这个任务在过去正是由白狼猎群负责,这群效忠于步离人的狐人对待自己的同胞比步离人更狠,他们也比步离人更加清楚同胞的弱点,简直是不二之选。
十九号反复回忆着他当年还没有叛逃白狼猎群时的记忆,如果这些年过去,步离人内部仍然保持着他离开时的样子的话,被抓出来的叛军应该还会被关在狼巢最底层。
有了镜流三人的帮助,十九号轻而易举的闯过层层守卫,抵达了地下监狱。
阴冷的空气中弥漫着挥之不散的血腥味,只有狐人的鼻子能分辨出它们的来源,十九号谨慎地往前走着。
兴许是觉得这群叛军翻不起什么风浪,最后一层居然没有守卫,空荡荡的长廊里只有不知从哪里来的水滴声回响,阴森而诡异。
嘀嗒、嘀嗒……
循着新鲜的血腥味,十九号找到了它的来源,然而迎面而来的景象让他呆在了原地,甚至忘了回头提醒三人不要跟来。
“小应星,别看!”白珩焦急的声音把他拉回了现实,十九号迟钝的扭头,看到那名来自仙舟的狐人女孩正试图挡住身边的年轻男人的视线——但太晚了,应星已经看到了尽头的景象,他的脸色难看的像是下一秒就要吐出来。

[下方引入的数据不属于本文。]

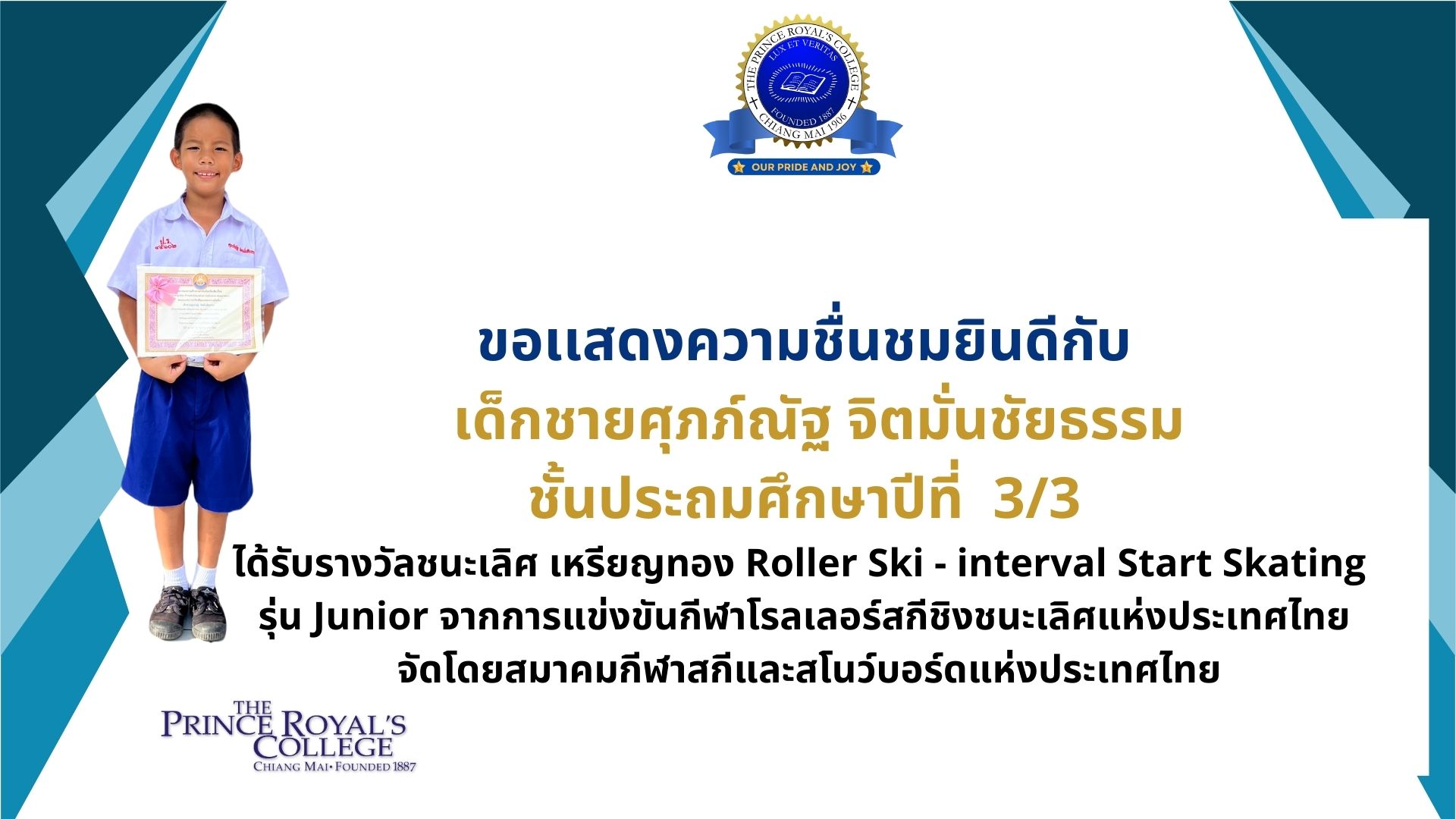 ขอชื่นชมและร่วมแสดงความยินดีกับ เด็กชายศุภภ์ณัฐ จิตมั่นชัยธรรม ระดับประถมศึกษาปีที่ 3/3 โรงเรียนปรินส์รอยแยส์วิทยาลัย ได้รับรางวัลชนะเลิศ เหรียญทอง Roller Ski – interval Start Skating รุ่น Junior จากการแข่งขันกีฬาโรลเลอร์สกีชิงชนะเลิศแห่งประเทศไทย จัดโดยสมาคมกีฬาสกีและสโนว์บอร์ดแห่งประเทศไทย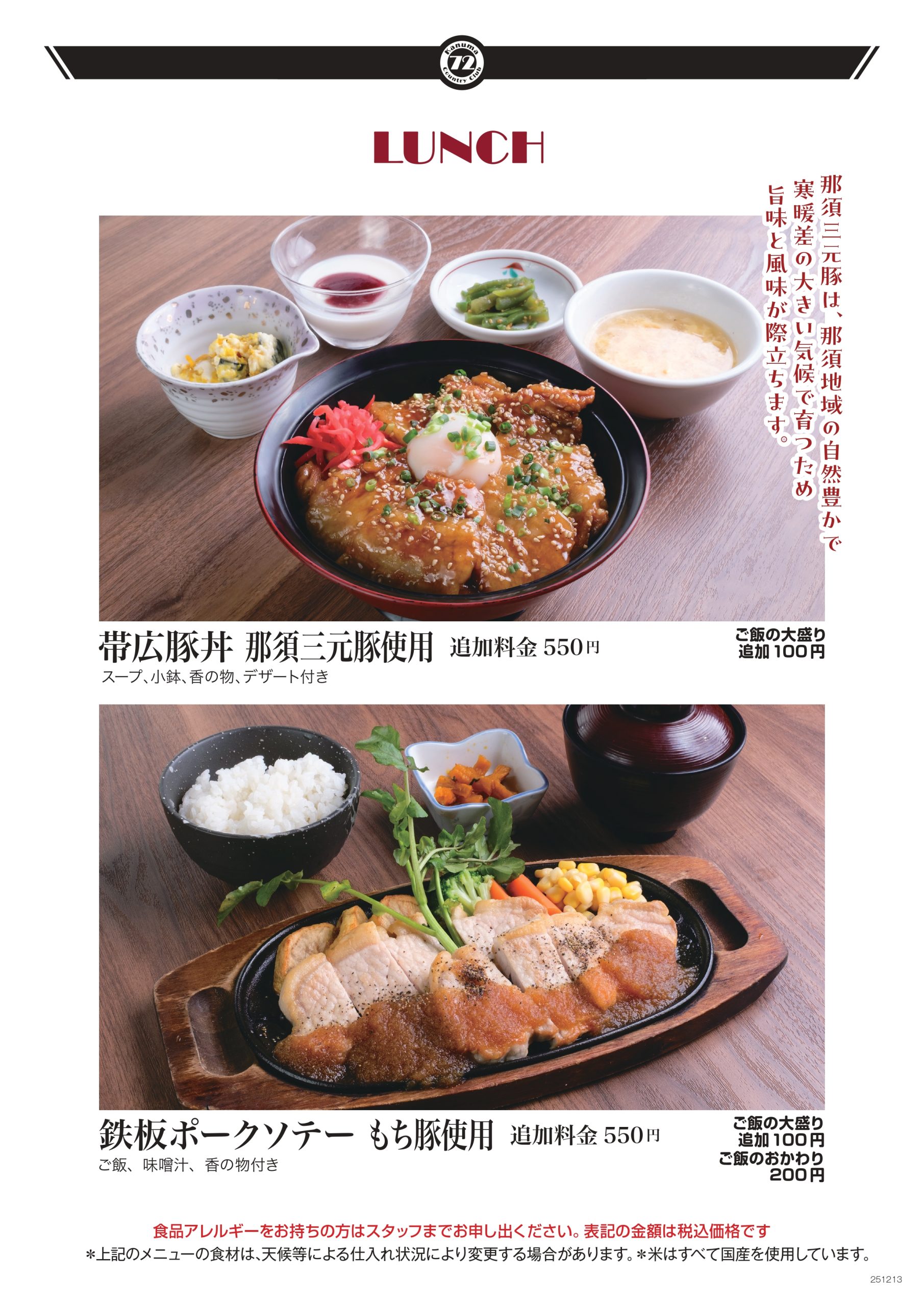追加料金 550円 *ご飯大盛追加100円

而白珩自己的表情也不怎么好,狐人对血腥味比天人和短生种都要敏感,何况这里是她同族的……
“你们去外面等我,这里我来处理。”
镜流往前走了一步,不动声色地挡在了白珩前面。
脸色难看的青年挪开了女孩的手,他没有走:“不,不用,我没事。”
“……我也没事,阿流。”白珩沉默了两秒,对镜流摇了摇头,“没事的,别浪费时间。”
他们坚持,镜流也不再做声,她又往前走了两步,走过十九号的身侧,他没看清楚她干了什么,只是一线银光划过后,牢笼的锁链掉在了地上。
她踏入牢房,靴底踩在厚厚的一层粘稠血污上,发出让人牙酸的噗嗤声。
直到看到这里的景象时,十九号才知道那滴答声并不是水,而是血。
在这个并不宽敞的牢房中,铁钩从天花板上垂下,像菜市场吊着肉一样,铁钩直接穿过血肉,悬挂着一具具模糊的躯体。